На руинах Империи - Татьяна Николаевна Зубачева
– Ну?
– По десять получается. Держи.
– С ума сойти сколько.
– Ага.
Эркин запрятал деньги и, уже не так таясь, пересчитал мелочь.
– Пошли на барахолку.
– Зачем?
– Мешки нужны. Заплечные, знаешь?
– А то.
– И еще мелочь всякая. Чтоб до осени хватило. И не клянчить… До осени…
Андрей покосился на странно отвердевшее лицо Эркина и промолчал.
– Пошли, пока шакальё не пронюхало.
При падении Эркин сильно порвал тенниску и ушиб правое плечо, но ему было сейчас не до этого.
– Ящик не бери. Лишняя тяжесть. Есть где оставить?
– Найду, – буркнул Андрей. – Какая муха тебя укусила?
– Сам говорил. Залечь и не светиться. Вот и заляжем. Это на три месяца, не меньше, – и снова Андрея удивило странное выражение, промелькнувшее по его лицу на этих словах.
– Нанялись? – окликнул их Одноухий.
– Нанялись, – ответил Эркин. – До осени нас не будет.
– Ну, еды вам.
– И тебе.
На цветной барахолке надо держать ухо востро. Трусы из-под штанов снимут, а ты и не заметишь. Но их не тронули. Только Нолл попался по дороге.
– Такую работу обмыть надо.
– Вернёмся, обмоем, – ответил Эркин.
Но Андрей вытащил из кармана десятку.
– Держи.
– Много даёшь.
– На всех.
Андрей сказал громко, и Ноллу теперь придётся поделиться. Он ухмыльнулся.
– Ладно. Без вас, что ли?
– В пять уезжаем. Не успеем проспаться, – усмехнулся Эркин.
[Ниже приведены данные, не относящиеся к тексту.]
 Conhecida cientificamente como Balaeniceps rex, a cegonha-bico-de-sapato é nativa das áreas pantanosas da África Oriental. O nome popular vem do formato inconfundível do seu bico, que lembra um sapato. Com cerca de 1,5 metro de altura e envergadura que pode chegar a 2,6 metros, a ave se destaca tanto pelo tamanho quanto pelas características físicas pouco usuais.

А когда Нолл растворился в толпе, бросил Андрею.
– С меня пятёрка.
– Ты…
– Заткнись.
Эркина словно несла какая-то сила. На отвердевшем лице ходили желваки, глаза прицельно сощурены…
– Много просишь, мамми. Не стоит это дерьмо столько.
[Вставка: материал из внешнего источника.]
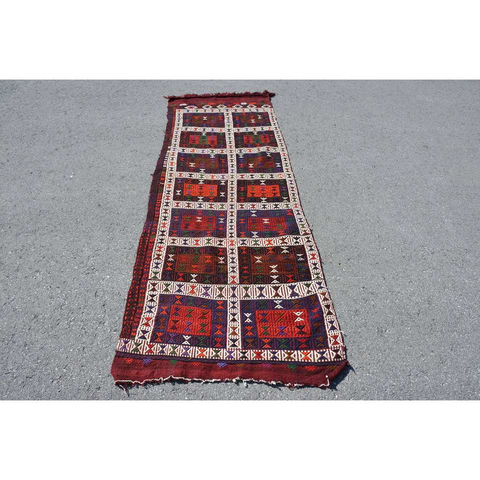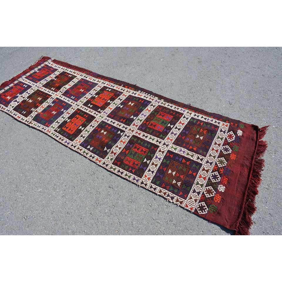 Vintage Turkish Rug Ethnic Red Brown 2.7x8ft Large Area Kilim Wool 10mm Thickness Patchwork Pattern Latex for Hallway Room Decor

– Какое дерьмо? Ты что несёшь, краснорожий? Смотри получше.
– Смотрел. Сбавь вдвое.
– Смотри ещё!
– Вижу. Втрое сбавь, мамми. Я деньгами плачу.
Таким Андрей Эркина еще не видел. Но знал, что, когда человек пошёл вот так, напролом, лучше на дороге не стоять.
Жара ещё только начинала спадать, когда Эркин пришёл домой. Алиса увидела его из окна и побежала вниз, чтобы открыть ему. Эркин забросил покупки в кладовку, выложил на комод деньги и пошёл в сарай. Щепать лучину.
Три месяца. Без Жени. Без её рук, её голоса… Но пока его нет в городе, она в безопасности. Её не тронут. Белая Смерть не заметит её. Если он не будет маячить где-то рядом. Так о чём ещё говорить? Когда шерстят, надо переждать. Хрен его достанешь из стада. А достанут, так только его. И не на глазах у Жени, если что. Эркин надколол очередное полено и одним ударом развалил его на более тонкие. Так, лучины он нащепал на полгода. До осени хватит. Теперь ещё тонких полешек. Печку не топить, а на плиту…
Игравшая во дворе Алиса то и дело подбегала, заглядывала в сарай, где ворочал поленьями Эркин, и снова убегала.
Наконец, он оглядел свою работу. До осени хватит. Должно хватить. Разложил инструменты и вышел во двор. Он не переоделся, и рваная тенниска болталась на его мокро блестящих от пота плечах. Теперь воду. Воды побольше. До осени ему не натаскать, но пусть хоть на завтра ей хватит.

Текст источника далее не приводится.